As the holiday season approaches, Sheena Gregg from the Department of Health Promotion and Wellness shares a selection of recipes that students can try making during their break. These fun and easy cooking projects are perfect for enjoying at home with family and friends.
Cookie Dough Dip
Ingredients:
- 1 box white cake mix (or any cake mix of your choosing)
- 1 tub light cool whip
- 2 (5 oz) containers vanilla Greek yogurt
- 2 cups chocolate chips
- Items to Dip: graham crackers, Nilla wafers, strawberries, etc.
Instructions:
- Combine cake mix, cool whip, and yogurt and mix using a stand/handheld mixer, until thoroughly combined.
- Gently fold in chocolate chips.
- Serve with your favorite dipper such as Nilla wafers, graham crackers, or strawberries.
Baked Pepper Jelly Cream Cheese Dip
Ingredients:
- 1 10.5-12 ounce jar pepper jelly heat level as desired
- 8 ounces cream cheese
- 2 garlic cloves minced
- 1 thinly sliced green onion white and green separated
- ½ teaspoon salt
- 1 cup shredded sharp cheddar cheese
- 3/4 cup cooked and crumbled bacon – save ¼ cup for garnish at end
- Crackers and/or Frito Scoops for dipping
Instructions:
- Combine cake mix, cool whip, and yogurt and mix using a stand/handheld mixer, until thoroughly Preheat oven to 350°F. Lightly grease an 8″x8″ square dish or 1 quart baking dish with butter or nonstick spray.

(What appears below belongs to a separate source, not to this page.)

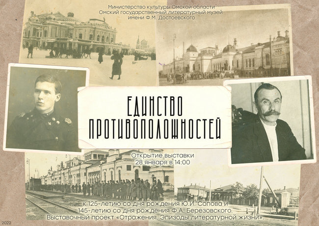 Проект будет открыт выставкой «Единство противоположностей», посвященной 125-летию со дня рождения поэта Юрия Ивановича Сопова и 145-летию со дня рождения писателя Феоктиста Алексеевича Березовского. Их жизнь совпала с событиями, изменившими мир, — революцией и Гражданской войной в России. Они жили и творили в одно время, но были по разную сторону баррикад.

- In a mixing bowl, combine 5 ounces of the pepper jelly, cream cheese, shredded cheddar cheese, garlic, the white section of the sliced green onion, ½ cup bacon, and salt until well blended.
- Spread the mixture evenly into the bottom of the prepared baking dish.

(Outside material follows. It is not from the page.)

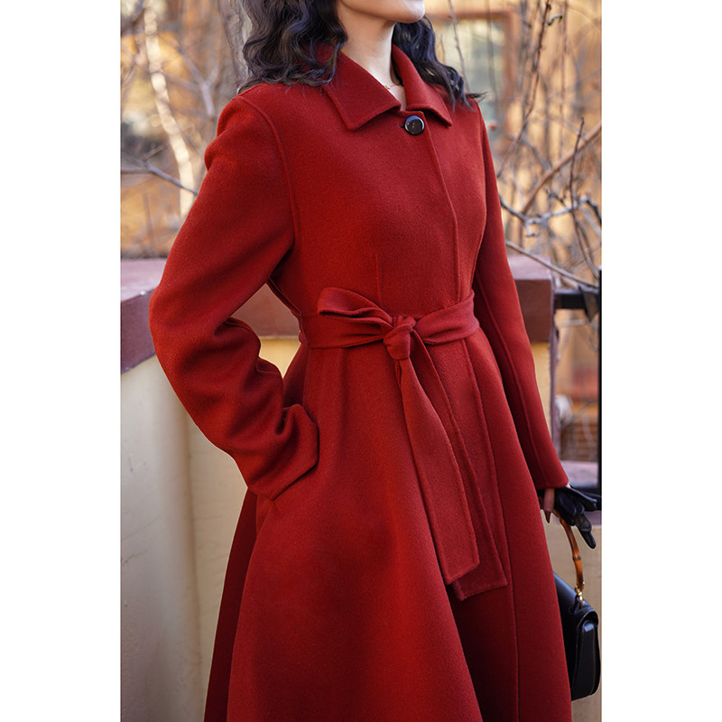 ArguE 高级外套 CulturE贵气红钻设计感廓形垫肩羊毛毛呢大衣长款

- Bake 25-30 minutes, or until the dip is bubbly and heated through.
- Carefully remove from the oven. Heat 2-4 tablespoons of the pepper jelly in the microwave for 10-15 seconds or until it’s slightly melted. Dollop over top of the baked cheese dip.
- Sprinkle bacon and sliced green section of green onion on top.
- Serve warm with crackers and/or scoops for dipping.